舌にこびりついた白い苔状の汚れは舌苔(ぜったい)といい、口臭の原因となります。
舌の表面は柔らかく傷つきやすいため、舌用ブラシで奥から手前にやさしく汚れをこすりとりましょう。
入れ歯の洗浄
入れ歯を水ですすぎ、義歯ブラシでブラッシングします。義歯ブラシを使用することで、入れ歯を傷つけることなく、入れ歯の頑固な汚れを磨き落とせます。

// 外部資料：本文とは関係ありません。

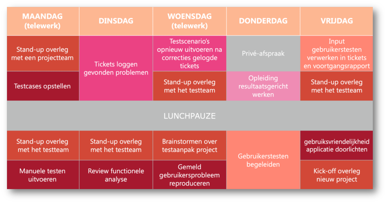 Hoe kan een toekomstige werkweek als softwaretester eruit zien? Wel, zo dus! Weet dat je bij de provincie Antwerpen flexibel werkt en zo ook je privéleven optimaal organiseert. Wanneer je jouw werkdag start, even pauzeert of eindigt, plan je zelf met oog voor continuïteit van de algemene dienstverlening.
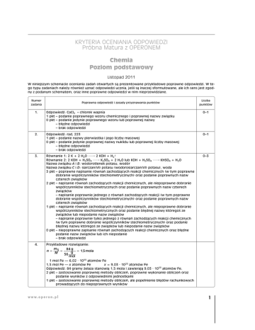 KRYTERIA OCENIANIA ODPOWIEDZI Próbna Matura z OPERONEM Chemia Poziom podstawowy Listopad 2011 W niniejszym schemacie oceniania zadań otwartych są prezentowane przykładowe poprawne odpowiedzi. W tego typu zadaniach należy również uznać odpowiedzi ucznia, jeśli są inaczej sformułowane, ale ich sens jest zgodny z podanym schematem, oraz inne poprawne odpowiedzi w nim nieprzewidziane. Numer zadania Poprawna odpowiedź i zasady przyznawania punktów Liczba punktów 1. Odpowiedź: CaCl2 – chlorek wapnia 1 pkt – podanie poprawnego wzoru chemicznego i poprawnej nazwy związku 0 pkt – podanie jedynie poprawnego wzoru lub poprawnej nazwy – błędne odpowiedzi – brak odpowiedzi 0–1 2. Odpowiedź: rad, 223 1 pkt – podanie nazwy pierwiastka i jego liczby masowej 0 pkt – podanie jedynie poprawnej nazwy nuklidu lub poprawnej liczby masowej – błędne odpowiedzi – brak odpowiedzi 0–1 3. Równanie 1: 2 K + 2 H2O $ 2 KOH + H2Równanie 2: 2 KOH + H2SO4 $ K2SO4 + 2 H2O lub KOH + H2SO4 $ KHSO4 + H2O Nazwa związku A i B: wodorotlenek potasu, wodór Nazwa związku C i D: siarczan(VI) potasu (wodorosiarczan(VI) potasu), woda 3 pkt – poprawne napisanie równań zachodzących reakcji chemicznych (w tym poprawne dobranie współczynników stechiometrycznych) oraz podanie poprawnych nazw czterech związków 2 pkt – napisanie równań zachodzących reakcji chemicznych, ale niepoprawne dobranie współczynników stechiometrycznych oraz podanie poprawnych nazw czterech związków – napisanie poprawnie jednego z równań zachodzących reakcji (w tym poprawne dobranie współczynników stechiometrycznych) oraz podanie poprawnych nazw czterech związków 1 pkt – napisanie równań zachodzących reakcji chemicznych, ale niepoprawne dobranie współczynników stechiometrycznych oraz podanie błędnej nazwy któregoś ze związków lub niepodanie nazw związków – napisanie poprawnie tylko jednego z równań zachodzących reakcji chemicznych (w tym poprawne dobranie współczynników stechiometrycznych) oraz podanie błędnej nazwy któregoś ze związków lub niepodanie nazw związków 0 pkt – niepoprawne zapisanie równań zachodzących reakcji chemicznych oraz błędne podanie nazw związków lub ich niepodanie – brak odpowiedzi 0–3 4. Przykładowe rozwiązanie: m 84 g n= s = g = 1,5 mola M 56 mol 1 mol Fe — 6,02 · 1023 atomów Fe 1,5 mol Fe — x atomów Fe x = 9,03 · 1023 atomów Fe Odpowiedź: 84 gramy żelaza stanowią 1,5 mola i zawierają 9,03 · 1023 atomów Fe. 2 pkt – zastosowanie poprawnej metody obliczeń, poprawne wykonanie obliczeń oraz podanie wyników z odpowiednimi jednostkami 1 pkt – zastosowanie poprawnej metody obliczeń, ale popełnienie błędów rachunkowych prowadzących do niepoprawnych wyników w w w. o p e r o n . p l 1 Chemia. Poziom podstawowy Próbna Matura z OPERONEM i „Gazetą Wyborczą” Numer zadania Poprawna odpowiedź i zasady przyznawania punktów Liczba punktów – zastosowanie poprawnej metody obliczeń, poprawne wykonanie obliczeń, ale podanie wyników z błędną jednostką lub bez jednostki – zastosowanie poprawnej metody obliczeń, poprawne obliczenia i podanie poprawnego wyniku tylko dla liczby moli, ale brak dalszych obliczeń 0 pkt – zastosowanie błędnej metody obliczeń lub brak odpowiedzi 0–2 5. Doświadczenie I: wydzielanie się pęcherzyków bezbarwnego gazu Doświadczenie II: brak objawów reakcji Doświadczenie III: brak objawów reakcji Doświadczenie IV: wytrąca się osad 4 pkt – podanie czterech poprawnych opisów obserwacji doświadczeń 3 pkt – podanie tylko trzech poprawnych opisów obserwacji doświadczeń 2 pkt – podanie tylko dwóch poprawnych opisów obserwacji 1 pkt – podanie tylko jednego poprawnego opisu obserwacji doświadczenia 0 pkt – brak poprawnych odpowiedzi 0–4 6. Doświadczenie I: 2 H+ + CO2– 3 $ H2O + CO2Doświadczenie IV: Ba2+ + SO2– 4 $ BaSO4. 2 pkt – poprawne napisanie dwóch równań reakcji w formie jonowej skróconej, w tym poprawne dobranie współczynników stechiometrycznych 1 pkt – poprawne napisanie dwóch równań reakcji w formie jonowej skróconej, ale niepoprawne dobranie współczynników stechiometrycznych – poprawnie napisanie jednego równania reakcji w formie jonowej skróconej (w tym poprawne dobranie współczynników stechiometrycznych) 0 pkt – niepoprawne zapisanie równań reakcji chemicznych bądź brak odpowiedzi 0–2 7. Doświadczenie I: Tlenek siarki(VI) ma charakter kwasowy. Doświadczenie II: Tlenek magnezu ma charakter zasadowy. Doświadczenie III: Tlenek azotu(II) ma charakter obojętny. 3 pkt – podanie poprawnych wniosków z trzech doświadczeń 2 pkt – podanie poprawnych wniosków tylko z dwóch doświadczeń 1 pkt – podanie poprawnego wniosku tylko z jednego doświadczenia 0 pkt – brak poprawnych odpowiedzi 0–3 8. Odpowiedź: Roztwór nasycony 1 pkt – poprawnie określony typ roztworu 0 pkt – błędnie określony typ roztworu lub brak odpowiedzi 0–1 9. Przykładowe rozwiązanie: mNaCl = 37,3 g mr = mNaCl + mH2O = 37,3 g + 100 g = 137,3 g m 37,3 g C p = m s $ 100% = $ 100% = 27,2% 137,3 g r Typ roztworu: nienasycony. 3 pkt – zastosowanie poprawnej metody obliczeń, poprawne wykonanie obliczeń, podanie wyniku z odpowiednią jednostką oraz poprawne podanie typu 25-procentowego roztworu 2 pkt – zastosowanie poprawnej metody obliczeń, poprawne wykonanie obliczeń, podanie wyniku z odpowiednią jednostką, ale błędne podanie typu 25-procentowego roztworu – zastosowanie poprawnej metody obliczeń, poprawne wykonanie obliczeń, ale podanie wyniku z niepoprawną jednostką oraz poprawne podanie typu 25-procentowego roztworu – zastosowanie poprawnej metody obliczeń, ale popełnienie błędów rachunkowych prowadzących do niepoprawnego wyniku liczbowego i podanie wyniku z poprawną jednostką, poprawne podanie typu 25-procentowego roztworu 1 pkt – zastosowanie poprawnej metody obliczeń, ale pope

時間があるときは、入れ歯洗浄剤につけて洗浄をおこないましょう。
洗浄剤は「部分入れ歯用」「総入れ歯用」と、入れ歯にあった洗浄剤を必ず使用してください。
うがい・保湿
仕上げうがいには洗口液の使用もおすすめです。
保湿剤を手指やスポンジブラシにとり、乾燥した唇や口腔内の粘膜全体にやさしくマッサージするように塗布し、保湿をおこないます。
まとめ
在宅介護で口腔ケアが大切な理由と、口腔ケアの手順について解説しました。
継続的な口腔ケアはむし歯や歯周病の予防だけでなく、口腔機能の維持や回復を促し全身の健康を支える重要な役割を果たします。
ご家族だけでケアしきれない場合は、歯科衛生士などの専門家に相談や介護保険を活用した訪問歯科診療の利用も選択肢のひとつです。
「食べる楽しみ」や「会話の喜び」を守りながら、より良い介護生活を送るために今日から在宅での口腔ケアを取り入れてみてください。